Genetic and Rare Diseases Information Center (GARD)

Campomelic dysplasia


Other Names for this Disease
  • Campomelic dwarfism
  • CMD1
  • CMPD
  • CMPD1
  • CMPD1/SRA1
See Disclaimer regarding information on this site. Some links on this page may take you to organizations outside of the National Institutes of Health.

Overview

Campomelic dysplasia is a severe disorder that affects the development of the skeleton and reproductive system. This condition is often life-threatening in the newborn period. Affected individuals are typically born with bowing of the long bones in the legs and may also have bowing in the arms; short legs; dislocated hips; underdeveloped shoulder blades; bone abnormalities in the neck; feet that are abnormally rotated (club feet); external genitalia that do not look clearly male or clearly female (ambiguous genitalia); distinctive facial features (including a small chin, prominent eyes, flat face, a large head compared to their body size); a particular group of physical features, called Pierre-Robin sequence; and other abnormalities.
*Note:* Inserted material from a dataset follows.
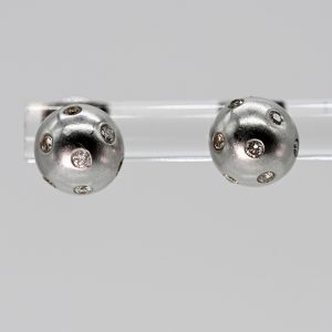 585/- white gold; total weight: approx. 2.6 g; hemispherical form each set with 7 melée brilliant-cut diamonds, total approx. 0.12 ct; colour: mid-range (G-I); clarity: mid to lower range; satin-finished surface decoration; diameter: approx. 7.8 mm; height: approx. 6.2 mm; diamonds with slight signs of wear on the facet edges.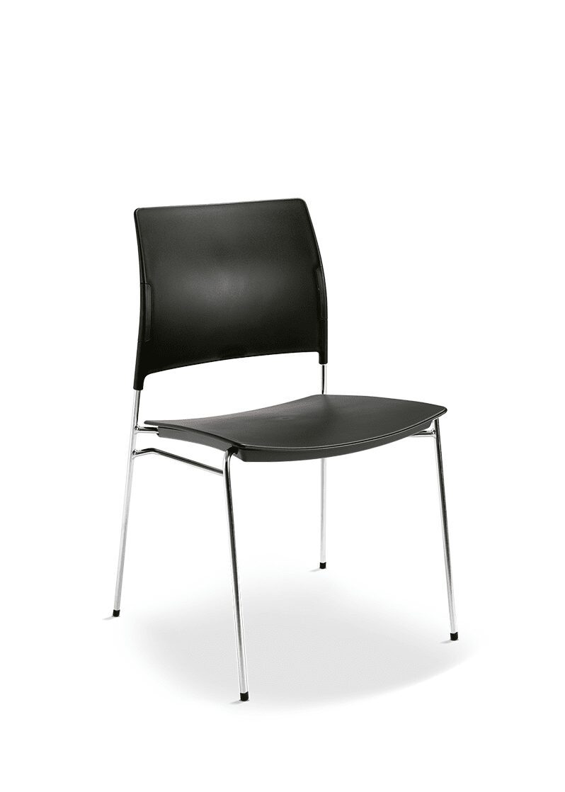 Empilhamento de até 15 cadeiras (no carrinho para transporte).

It is caused by mutations in the SOX9 gene and is inherited in an autosomal dominant pattern, although most cases result from a new mutation in the affected individual.[1] Treatment typically includes multiple surgeries to correct some of the above-mentioned abnormalities.[2] When affected individuals have features of this disorder but do not have bowed limbs, they are said to have acampomelic campomelic dysplasia.[1]
Last updated: 12/29/2010

References

  1. Campomelic dysplasia. Genetics Home Reference. May 2009; http://ghr.nlm.nih.gov/condition/campomelic-dysplasia. Accessed 12/29/2010.
  2. Sheila Unger, Gerd Scherer, Andrea Superti-Furga. Campomelic dysplasia. GeneReviews. July 31, 2008; http://www.ncbi.nlm.nih.gov/books/NBK1760/#campo-dysp.Management. Accessed 12/29/2010.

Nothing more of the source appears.